A poet’s thoughts on life and faith

A poet’s thoughts on life and faith Thomas McCarthy is a Cork-based poet and critic
The Best Loved Poems of Gabriel Fitzmaurice, with an introduction by Declan Kiberd
(Mercier Press, €12.99)

 

Those of us who remember Listowel Writers’ Week in its earliest days will never forget the singing and cajoling presence of a whipper-snapper young poet called Gabriel Fitzmaurice – there he would be in the foyer of the Listowel Arms, handing a pint to a wavering Michael Hartnett or a sheaf of new poems to Brendan Kennelly or Bryan MacMahon.

He belonged to the tumult of that North Kerry life, and there is still a tumultuous, life-affirming atmosphere about the poems selected for this very portable new book. The poems offered here, every one of them, contain all of the assertions and grandeur of that world. Fitzmaurice’s brilliant poem on a Munster Football Final held during the Civil War probably sums up the ethics of such a life:

‘There’s something more important here than war.

John Joe Sheehy, centre forward, Republican,

Con Brosnan, Free State captain, centrefield;

For what they love, they both put down the gun –

On Con’s safe conduct, Sheehy takes the field.

In an hour the Kerry team will win.

Sheehy will vanish, on Brosnan’s bond, again.’

To those Kerry values, one could add story-telling, religion, family, music.

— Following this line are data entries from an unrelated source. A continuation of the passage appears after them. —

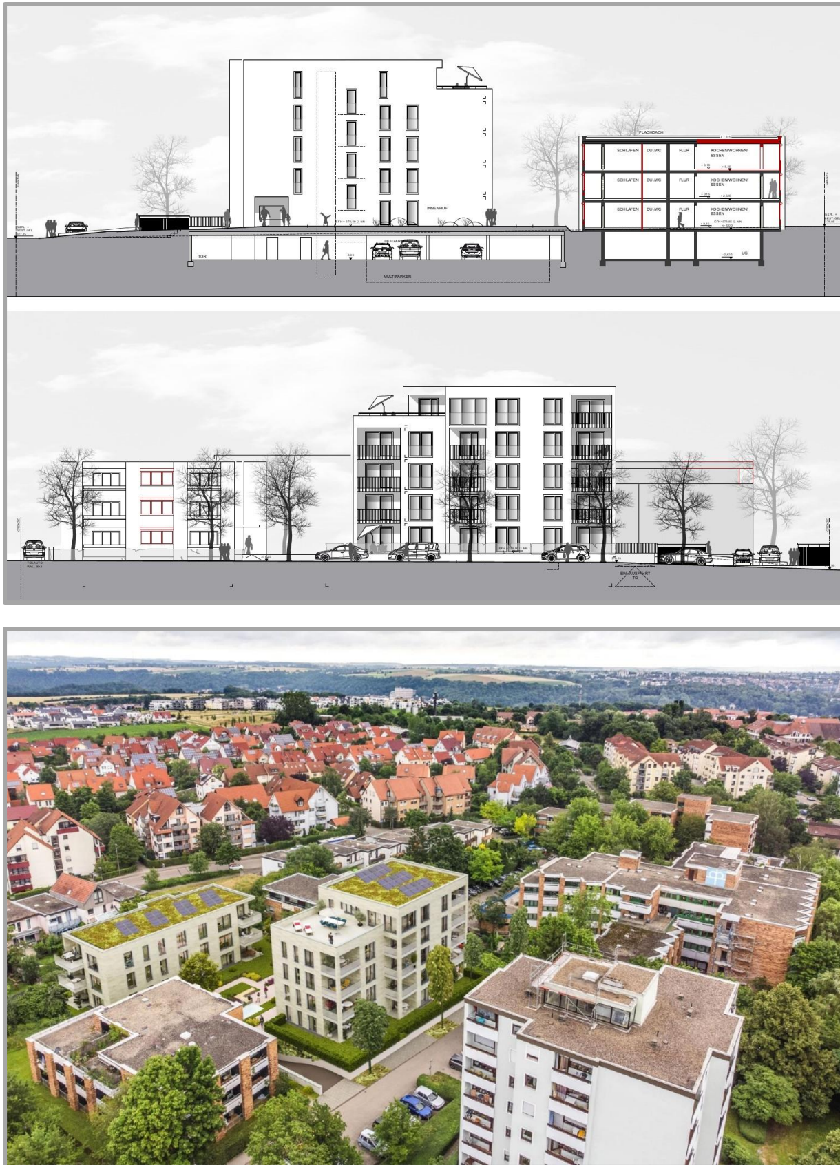
Abbildung 5+6: Ansichten und Visualisierung, unmaßstäblich Auf der Grundlage der genannten Planungserfordernisse, Planungsziele und situationsbedingten besonderen Voraussetzungen sind für das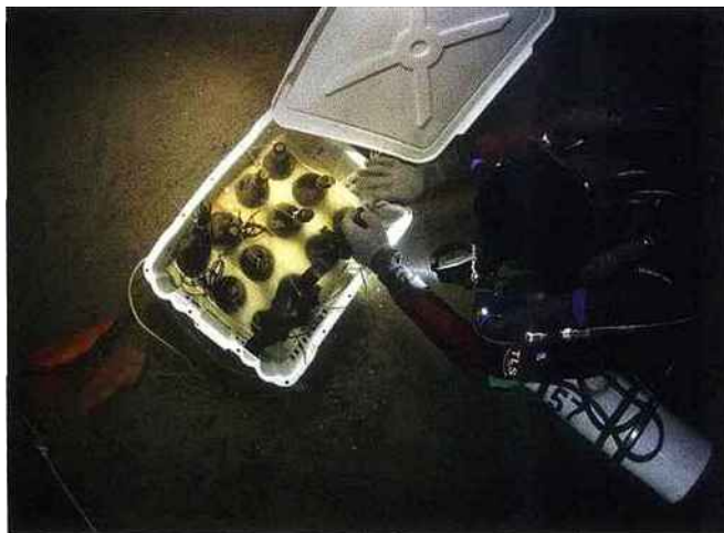
Au large des îles d'Åland, par 50 mètres de fond, les plongeurs ont découvert 70 bouteilles de "Juglar".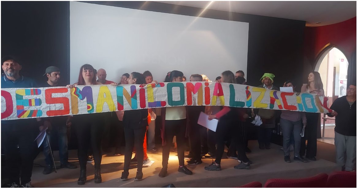
Encuentro de radios y comunicadores/as populares en salud mental.

Comisión prevista en el art. 34 de la Ley Nacional 26.657 y su reglamentación para el diseño de instrumentos de habilitación y supervisión de dispositivos de salud mental.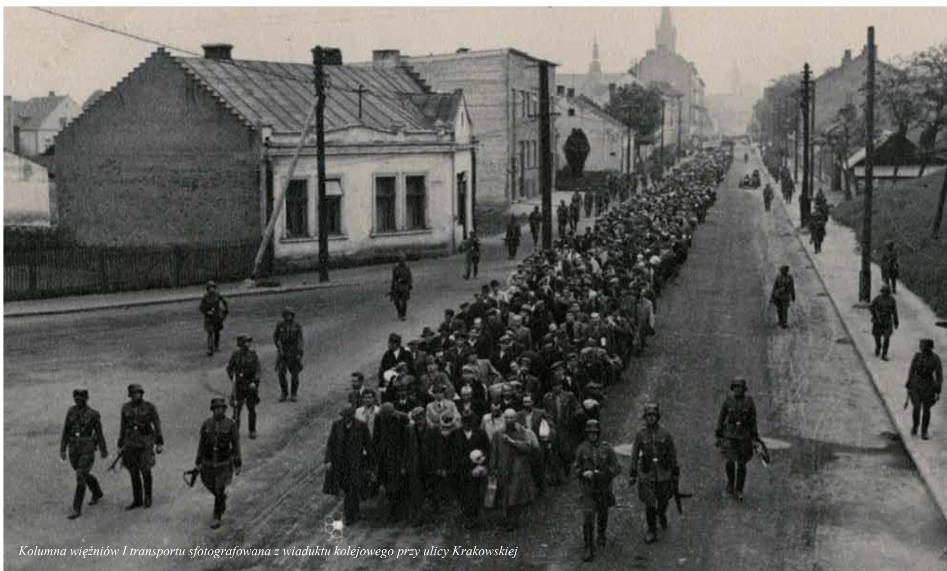
Kolumna więźniów I transportu sfotografowana z wiaduktu kolejowego przy ulicy Krakowskiej

„Więźniowie Auschwitz przetrwali”, a my młodzi, uczniowie szkół Tarnowa i Oświęcimia niesiemy pamięć o milionie zgładzonych istnień ludzkich z całego świata. Słuchamy głosu Ocalałych, mówimy o zbrodniach w Auschwitz, o walce z obojętnością, nietolerancją i antysemityzmem, o poszanowaniu różnic i szukaniu podobieństw. Podtrzymujemy pamięć o tamtych wydarzeniach, gdy odchodzą już ostatni świadkowie historii.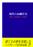
現代の高級住宅 ( ) (株式会社SCC刊 '0610)

These are the Kerry essentials and Fitzmaurice is the Poet Laureate of every element: if you think such things are unimportant, then you’re a fool. Or you’ve never been to Kerry. His celebration of the singer Con Greaney, not just a poem but a recitation in print, is sustained and astonishing: ‘Born on the mountain/ These eighty years and more,/ Not born so much as quarried;/ The mountain life was poor.’His memory of the drunk who brings two bottles of Guinness Extra Stout to the altar rails at Midnight Mass is both effective and poignant:

‘But the Christ who thirsts on Calvary

Has waited all these years

For the fellow cursed with the cross of thirst

To stand him these few beers.’

The gesture is everything in such a life, the human gesture contains immensities and this is what Fitzmaurice has always captured in his work. From his throne in Moyvane, like a benign wise Pope, he casts a holy, accepting glance upon exhausted humanity. And most of the fine gestures in these poems arise from attachment, all kinds of attachments, from fathers to sons, from singer to audience, from husband to wife. His poem ‘Dad’ is the magnificent celebration of a good father:

‘A man before his time, he cooked and sewed,

Took care of me – and Mammy in her bed…

…………………….

Now when the New man poses with his kid,

I think of all the things my father did’

‘Every art-work is possible only to one person at one time and in one place; and Fitzmaurice remains always true to the colour of his own locality: Moyvane, Knockanure, Listowel’ writes Declan Kiberd in his very fine Introduction. But, lest we miss the sophistication and deliberateness of Fitzmaurice’s life in poetry, Kiberd reminds us of the artistic richness of those North Kerry/West Limerick townlands, the townlands of Thomas MacCreevy, Harry Clarke and Michael Hartnett. In this book a great deal of what is sophisticated and knowing is distilled into a kind of direct story-telling, a ‘dán díreach’ out of the tumult of so much thought:

‘The bird

Too hurt to feed

Falls in the valley

Of the coat,

And as I help

It claws

And perches on my finger

Bridging the great divide

Of man and bird.’

The cover art of this book, a clever arrangement of eighty-one lighthouses by Brenda Fitzmaurice, serves perfectly as a metaphor of what occurs within. This Best-Loved Poems is a neat arrangement of votive candles, candles of both light and hope. All the imperfections of human nature, all the goodness within, all humility in the face of heaven’s grandeur: it is all here, compressed into this beautiful book, a true traveller’s companion.